India’s Finance Minister (FM), Arun Jaitley kick started the public sector disinvestment with 5 per cent stake sale in Steel Authority of India (SAIL) on 5.12.2014. 200 million shares were sold to the investors. The offer generated a lot of interest among the retail investors and was over subscribed by one-and-a-half times. It fetched Rs 1700 crore for the Government of India (GOI) to go one step closer in meeting disinvestment target for the year 2014-15. Other companies like Coal India, Oil and Natural Gas Corporation (ONGC), and National Hydro-power Corporation (NHPC) are on the agenda. The FM also targets to sale residual shares in Hindustan Zinc Ltd and Bharat Aluminum Company (BALCO) to the present majority stake-holder, Anil Agrawal. The money fetched from disinvestment would be used for keeping the fiscal deficit within 4.1 per cent of GDP. Although it is important to keep fiscal deficit in tight control, it should have been done by reducing non-plan expenditure.
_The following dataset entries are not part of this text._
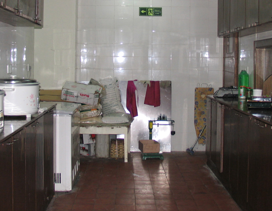 在去洗手間時(shí),沿著店內(nèi)張貼的衛(wèi)生間導(dǎo)向標(biāo)示,恰巧就走進(jìn)了這家店的廚房。在廚房中,我們看到了熨衣板、破紙殼箱、面粉、地秤、抹布、圍裙、竹筐、電飯煲、用過沒用過的方盤、餐盒堆放在一個(gè)房間內(nèi)。通過一個(gè)傳菜的窗口我們看到幾把爛拖布倒放在洗池邊上。這樣臟亂的廚房與店家宣傳的“ISO9001國際認(rèn)證企業(yè)”著實(shí)相距甚遠(yuǎn)。在廚房中我們拍下了幾張照片,在拍完照走出廚房之時(shí)才有人過來問“你們干什么?這是廚房不許拍照!”
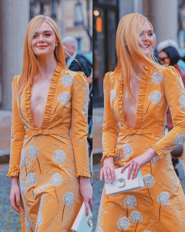“Tiên nữ giáng trần”” Elle Fanning tiếp tục ” hớp hồn” fan trước thềm show Miu Miu tại Tuần lễ thời trang Paris trong bộ váy vàng xẻ sâu vòng 1 vô cùng xinh đẹp.
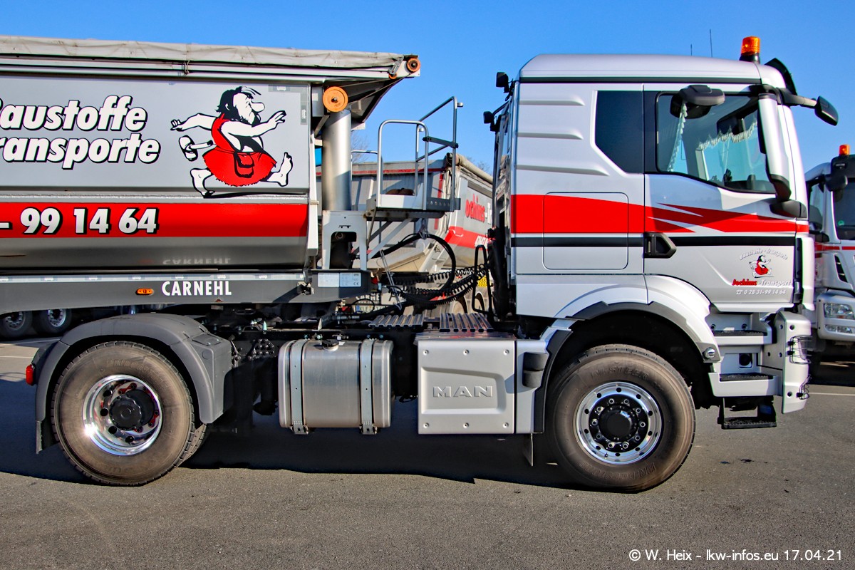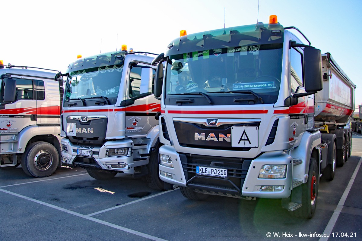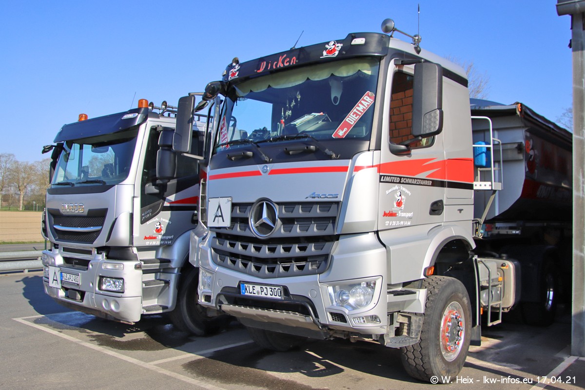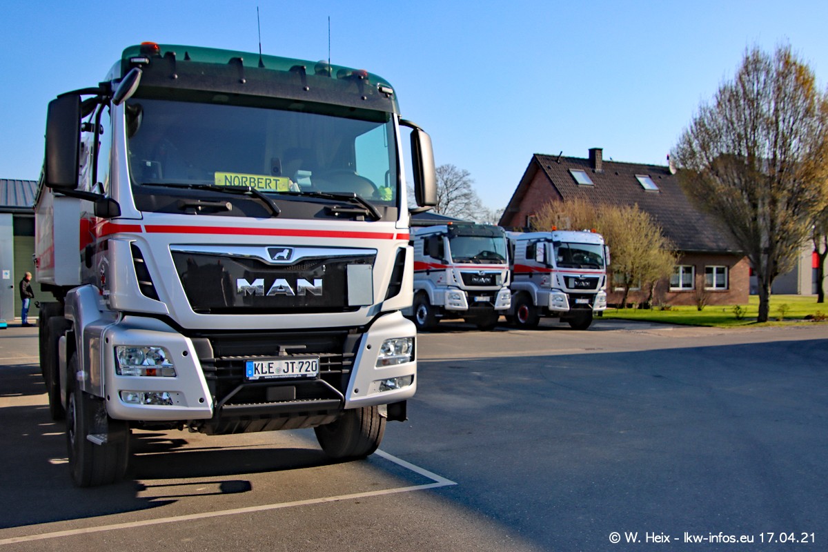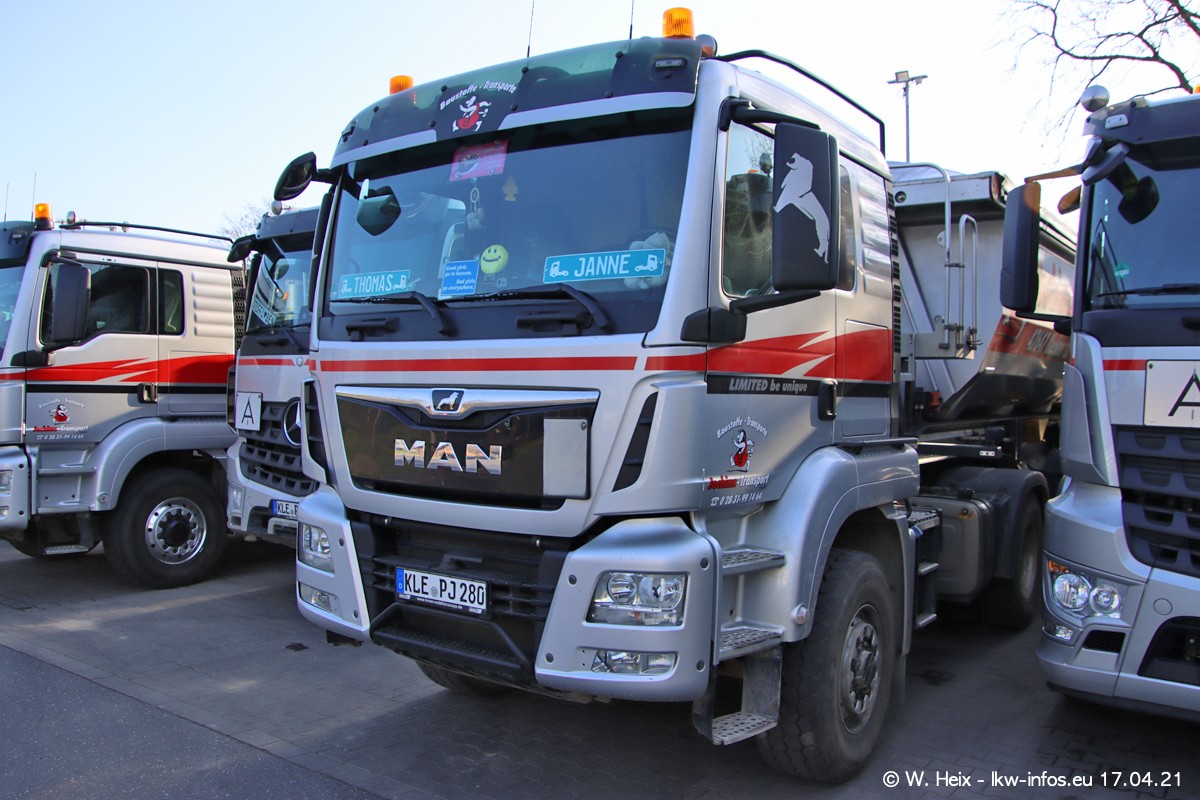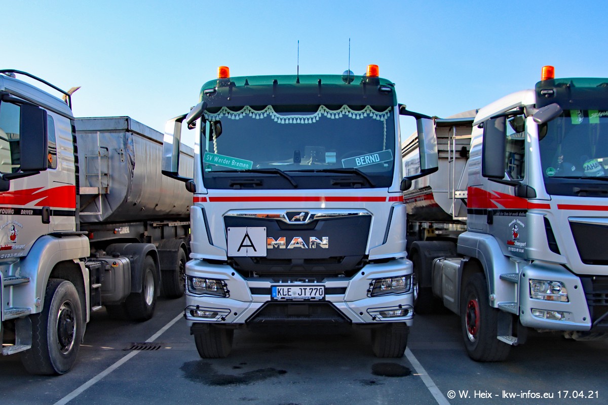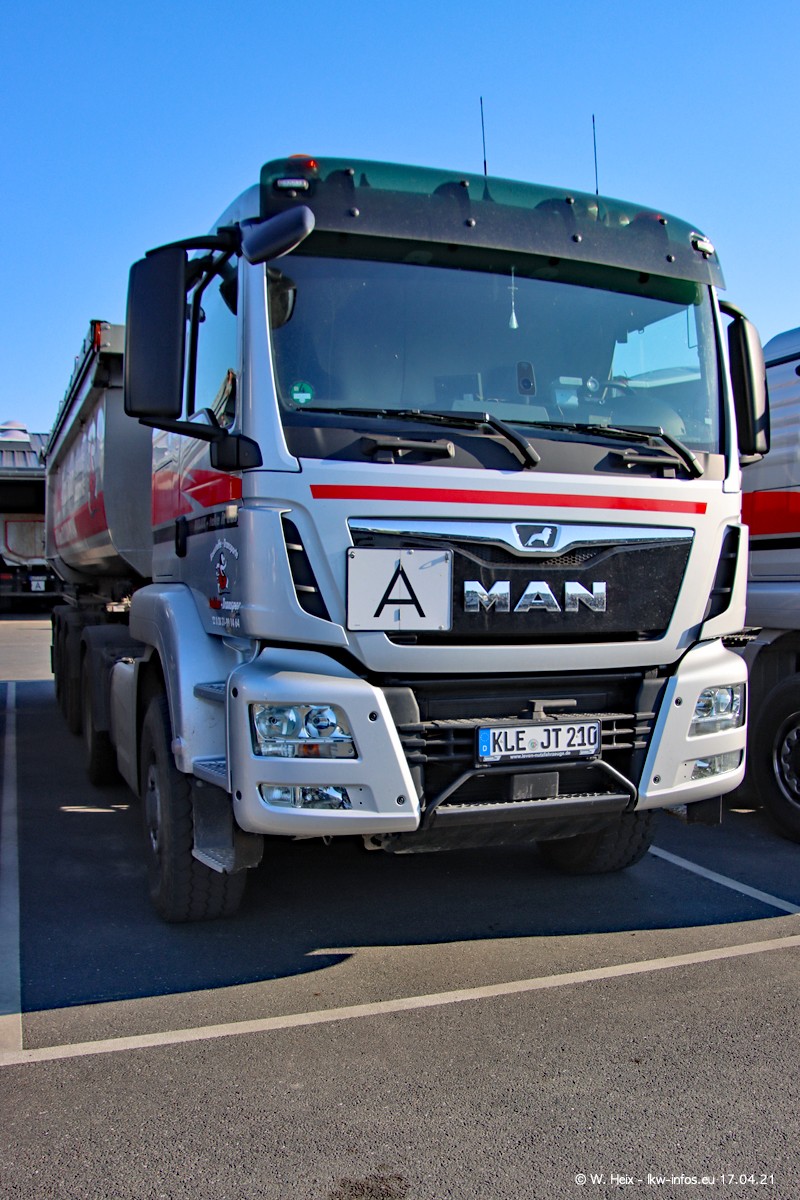 Es sind schon wieder fast 1,5 Jahre vergangen, seit ich zuletzt bei Jochims zu Besuch war. Entsprechend gibt es viele neue LKW. Das sind meines Wissens alles Zugmaschinen von MAN, zu erkennen an den jetzt geänderten Kennzeichen mit der Kombination "KLE JT" und nicht mehr "KLE PJ". Jochims hat in der letzten Zeit noch viele MAN TGS der jetzt alten Baureihe gekauft, aber jetzt ist auch seit einigen Wochen der erste neue MAN TGS im Fuhrpark. Wir haben ein kleines Fotoshooting auf den Gelände gemacht und den alten und den neuen MAN nebeneinander gestellt. Im Sommer kommen voraussichtlich weitere neue LKW. Alle Bilder sind vom Hauptsitz in Kerken, wo ungefähr die Hälfe der Fahrzeuge steht.

This paper aims to show the actual value of these units for the self-reliance of India and the meager amount for which these jewels are going to be doled out to private operators. It gives a few suggestions to protect the interest of retail investors in the stock market. The paper also tries to find research gaps how the retail investors’ interest can be protected comprehensively from stock market fluctuations in future.